10 October 2009

Lox n' Bagels, Or Why I Sometimes Eat Animal

Oh, I know: lox is not vegetarian. But one thing you should know about vegetarians is that many of us can keep going because we've got the occasional exception. I personally eat fish about once a month, and I started this because I just didn't feel healthy otherwise. I try to eat fish that isn't overfished or dangerous, and I also try to eat from a large fish so that I am not responsible for the entire consumption (and in my mind, death) of the animal. But I don't eat just any fish. Since I became a vegetarian, my tastes have changed radically and the only fish I enjoy are very, very fresh—think sushi—or nova lox.

Nova lox is not just another food to me; it's a symbol of my cultural heritage as a Jew and a link to a childhood of festive Sunday brunches. That's why I also eat the gefilte fish Mopsy makes by hand (my great-grandmother's recipe, I think) for our Passover seder. Giving up lox and bagels would feel to me like giving up a part of myself, and I just wasn't able to do it. But I never buy lox myself. Since I am around Jews fairly frequently, it just shows up. And I don't have to eat lox every single time lox n' bagels is served; I do have a vegetarian alternative that deeply satisfies me, which I will share with you.

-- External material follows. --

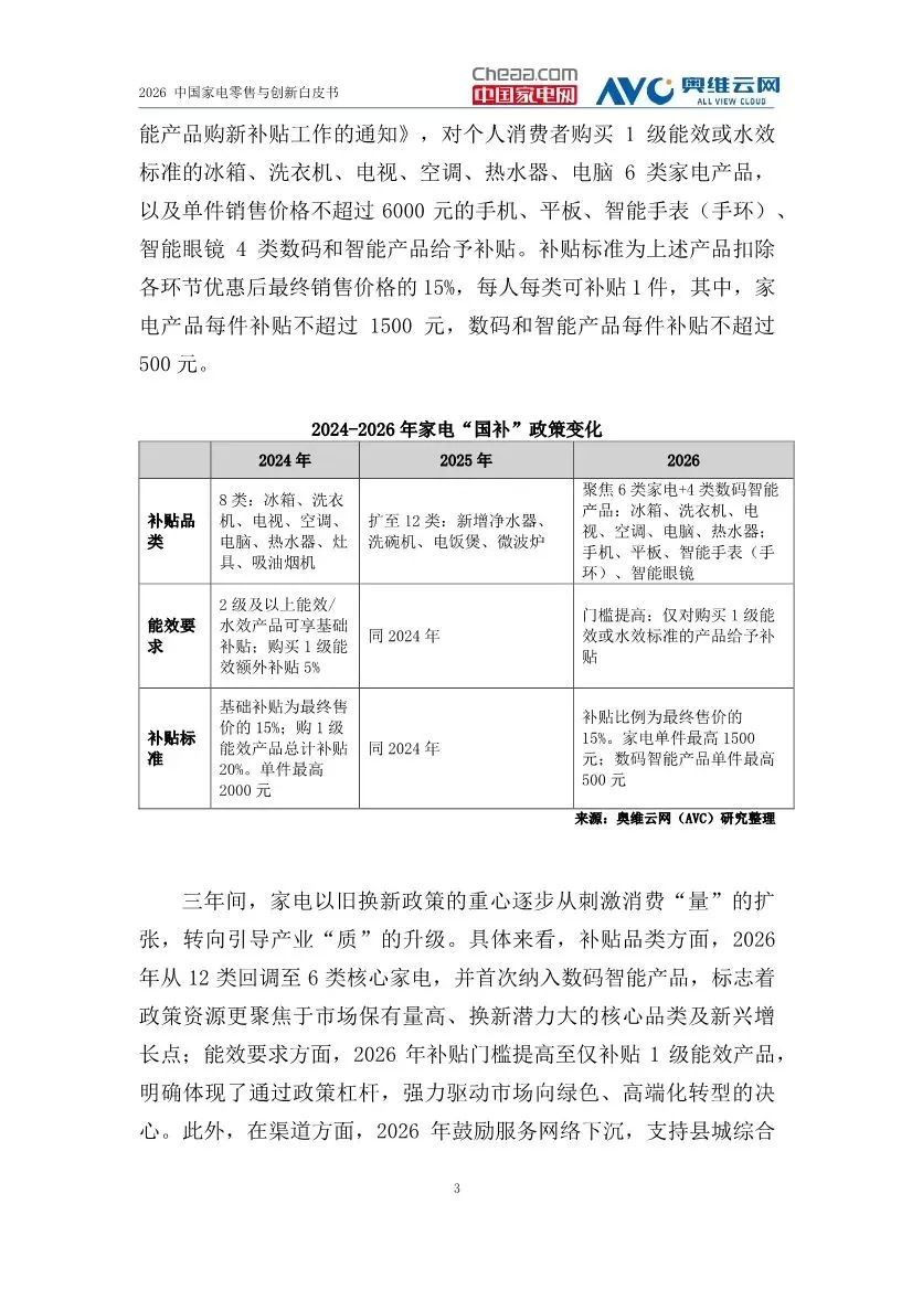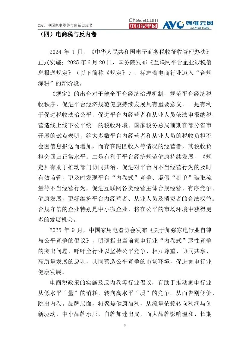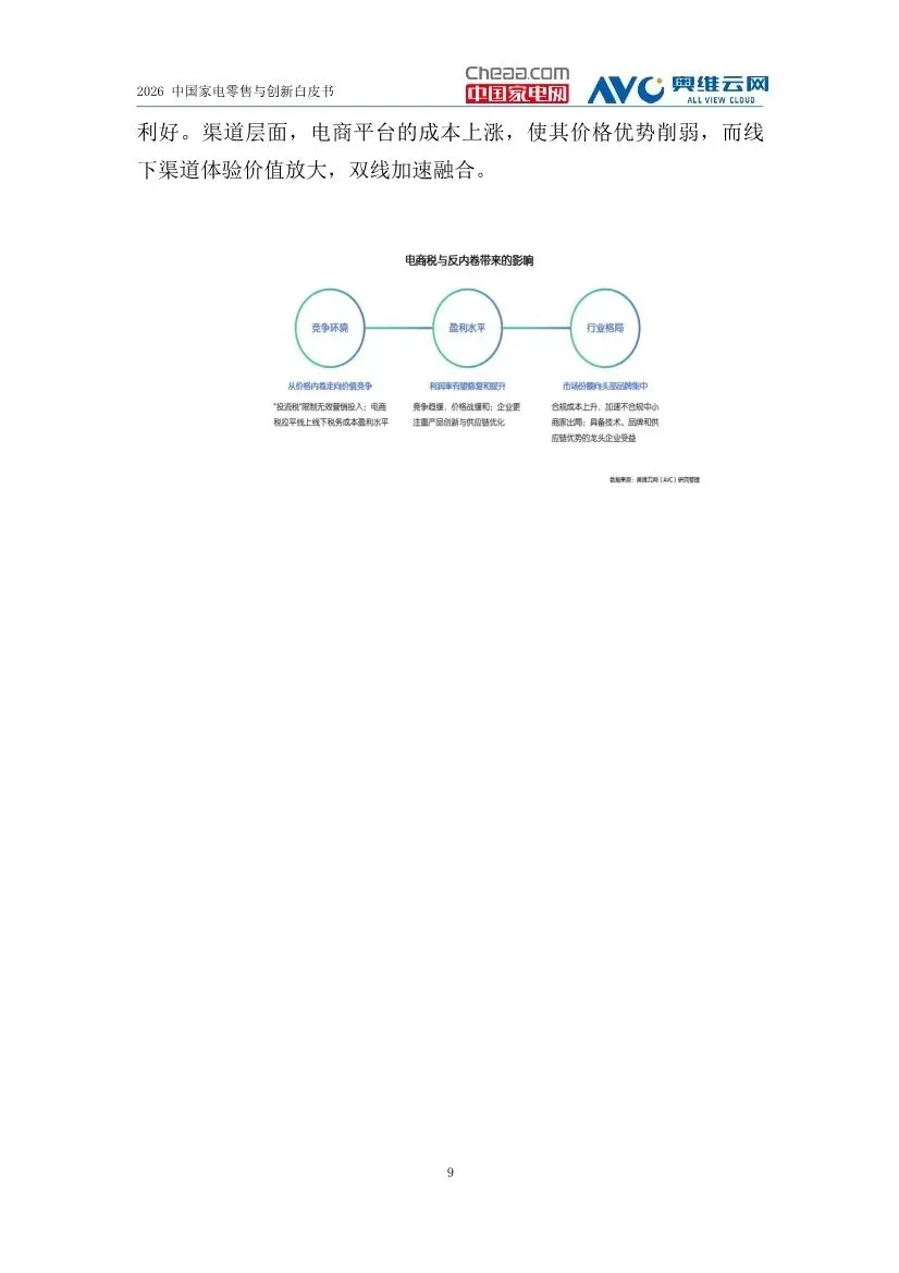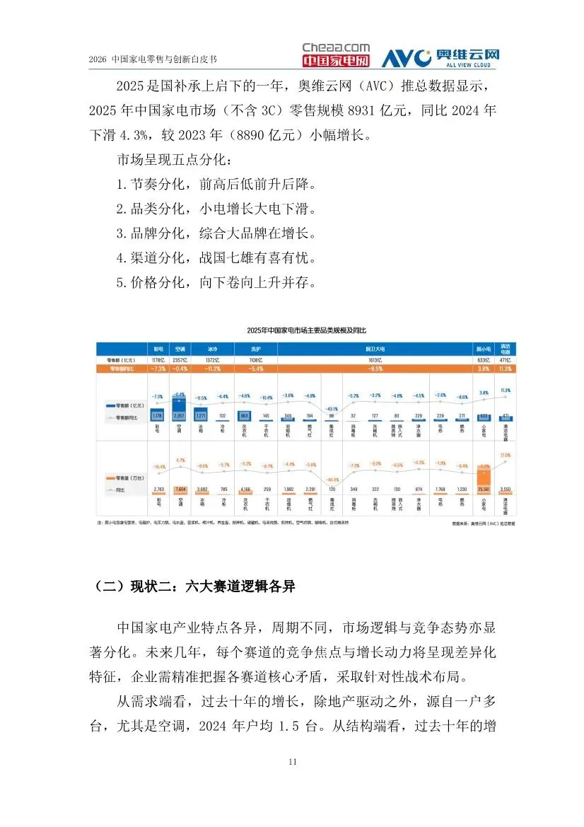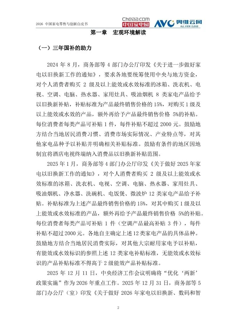 这份报告全面、系统地剖析了中国家电产业在2026年宏观环境、产业现状、技术变革下的挑战与机遇,不仅是一份详实的行业诊断书,更是一本指引企业“突围存量,AI创新”的实战指南。本报告的核心价值在于,它清晰地指出了一个根本性矛盾:政策刺激带来的周期性复苏,无法改变行业结构性分化的大趋势。报告旨在帮助企业理解,当前经历的是从需求端到供给端的“系统性重构”,并在此背景下,提供了从宏观研判到微观执行、从理论趋势到实战案例的完整行动框架。1. 宏观环境:政策精准化、消费理性化、结构老龄化• 国补政策“提质”导向明确:报告详细梳理了2024-2026年“家电以旧换新”国补政策的演进。核心变化是:补贴品类从“扩围”到“聚焦”(2026年聚焦6类核心家电+4类数码产品);能效门槛大幅提高(仅补贴1级能效产品);补贴上限下调。这清晰表明政策重心从刺激“量”的扩张,转向引导产业向绿色、高端、智能化“质”的升级。政策拉动效应减弱,对企业“无补贴”环境下的真实创新能力提出更高要求。• 消费市场“K型分化”加剧:在宏观经济与居民收入向好的大背景下,消费呈现明显的结构性特征。一方面,消费者从“功能满足”转向“价值认同”与“场景解决方案”,愿为情绪价值和服务付费;另一方面,市场呈现“K型结构”,高端消费与追求极致性价比的基础消费同步增长,而中间的大众市场收窄。• “银发经济”成为确定性增量市场:2025年65岁及以上人口占比达15.9%,老龄化持续加剧。这要求产品创新必须聚焦“适老性”,在人机交互(简化UI、语音操控)和安全防护(主动预警)上进行革新,家电的“适老”与“科技”属性需深度融合。• 现状一:大盘回落与市场分化:2025年市场规模同比下滑4.3%,预测2026年将继续下滑6.7%。市场在节奏、品类、品牌、渠道、价格五个维度全面分化,企业需放弃普适性增长幻想,寻找结构性机会。• 现状二:六大赛道逻辑各异:报告创造性地区分了彩电、空调、冰箱、洗护、厨卫、小家电及清洁六大赛道,并指出各自的核心竞争逻辑与增长动力截然不同。例如,彩电需“快速创新”重塑价值,空调靠“成本与吨位”洗牌,冰箱要“有序升级”等待换新周期,洗护看“分区洗”破局,厨卫拼“用户心智”,小家电靠“潮品创品”。这要求企业必须摒弃一刀切策略,进行赛道精细化运营。• 现状三:流量触顶与用户失联:线上流量成本高企、进入存量博弈;线下则面临“数据孤岛、浅层互动、同质化困局、服务断层”导致的“用户失联”。企业与用户的连接是脆弱、低效、缺乏温度的。• 现状四:人货场的供需错配:这是增长乏力的根本症结。表现为:人与内容的错配(信息过载但共鸣缺失)、需求与产品的错配(供给泛化但精准不足)、策略与区域的错配(统一政策与多元市场矛盾)。本质是线性供给体系无法匹配网状、圈层化的需求结构。• 趋势一:用户共创,听劝式营销:构建C2M2C(用户到制造到用户)闭环。其核心是权力关系转移,通过“企业家IP”建立信任,通过“听劝”姿态在社交媒体发起真诚对话,让用户深度参与产品研发与改进,并通过社群运营沉淀用户资产,将用户从消费者转化为设计者、传播者与共建者。• 趋势二:情绪价值,创造意义:在功能同质化背景下,竞争锚点转向情绪价值。通过场景化叙事(将参数转化为生活故事)、美学设计(作为价值沟通的第一印象)、服务体验(交易转化为有温度的互动)、品牌叙事(构建持久的意义内核)来满足用户的情感慰藉、意义建构与自我实现需求。• 趋势三:三场一体,无界零售:重构零售场域,实现“远场-近场-现场”协同。 ◦ 远场(货架电商):竞争关键是“货品升级”,从SEO转向GEO(生成式引擎优化),承接计划性需求。 ◦ 近场(即时零售):竞争关键是“人的捕捉”,通过“算法+物理围栏”满足即时性需求,是重要的增量场。 ◦ 现场(实体门店):竞争关键是“场的运营”,从销售场转型为“体验中心”和“生活方式提案空间”。• 趋势四:坚定出海,全球发展:全球化是从“规模领先”到“品牌领先”的必然选择。企业需从单纯贸易转向系统性海外经营,通过深度本土化运营(研发、生产、营销、服务)来提升品牌附加值、分散市场风险、构建全球竞争力。报告将AI定位为驱动产业系统性重塑的底层引擎,其影响是全域性的:• AI改写产品逻辑:实现从“功能工具”到“场景智能”的范式跃迁。产品价值从“性能参数”转向“服务体验”,通过“感知-决策-执行”闭环提供主动智能;应用场景从“单品智能”走向“场景融合”(如智慧厨房、卧室);商业模式从“一次性交付”变为“常态化迭代”,通过OTA和用户数据驱动产品持续进化。 ◦ 生产:AIGC工具实现“千人千面”内容批量生成,虚拟数字人提供稳定可控的直播资产。 ◦ 分发:基于合规数据进行精准需求匹配,实现“内容找人”。 ◦ 交互:AR实景融合解决家电“想象偏差”,AI智能设计工具辅助成套方案销售。 ◦ 销售前:智能导购从“搜索匹配”升级为“需求挖掘”,通过自然对话主动挖掘用户潜在需求。 ◦ 销售中:通过全域数据整合,实现用户生命周期节点的精准触达与智能履约。 ◦ 销售后:服务从成本中心转向价值创造中心,通过预测性维护、增值服务推荐延伸价值链。• 核心研判:2026年要“降低预期,寻找结构性机会”(如存

These are not the only "allowable" ways to eat lox n' bagels; when I lived in Berkeley, California, I went to an event that served bagels with red pepper tofu spread, cucumbers, and alfalfa sprouts. To me, a Midwestern Jew, this seemed a flagrant violation of all that is good about lox n' bagels, but many Californians seemed delighted, so more power to you if you like your bagels with a topping of Hippy.

Original Lox N' Bagels

bagel, sliced in half
cream cheese (chive cream cheese OK)
optional slice of cheese (Muenster is most traditional)
slice of tomato
slivers of red onion
some nova lox

fancy optional extras: capers, grind of fresh black pepper

Jews eat these open faced and not like a sandwich.

Vegetarian Lox N' Bagels

same as original without lox and make the tomato slice thicker

Jews in my experience prefer to have each topping spread out nicely on a platter so that it feels more like a banquet. They like to have chub (NOT de-boned) on the side, also sometimes potato salad or slices of fruit and vegetables. And keep the coffee and tea coming. For an extra touch of authenticity, start a conversation about Maimonides or your gallbladder.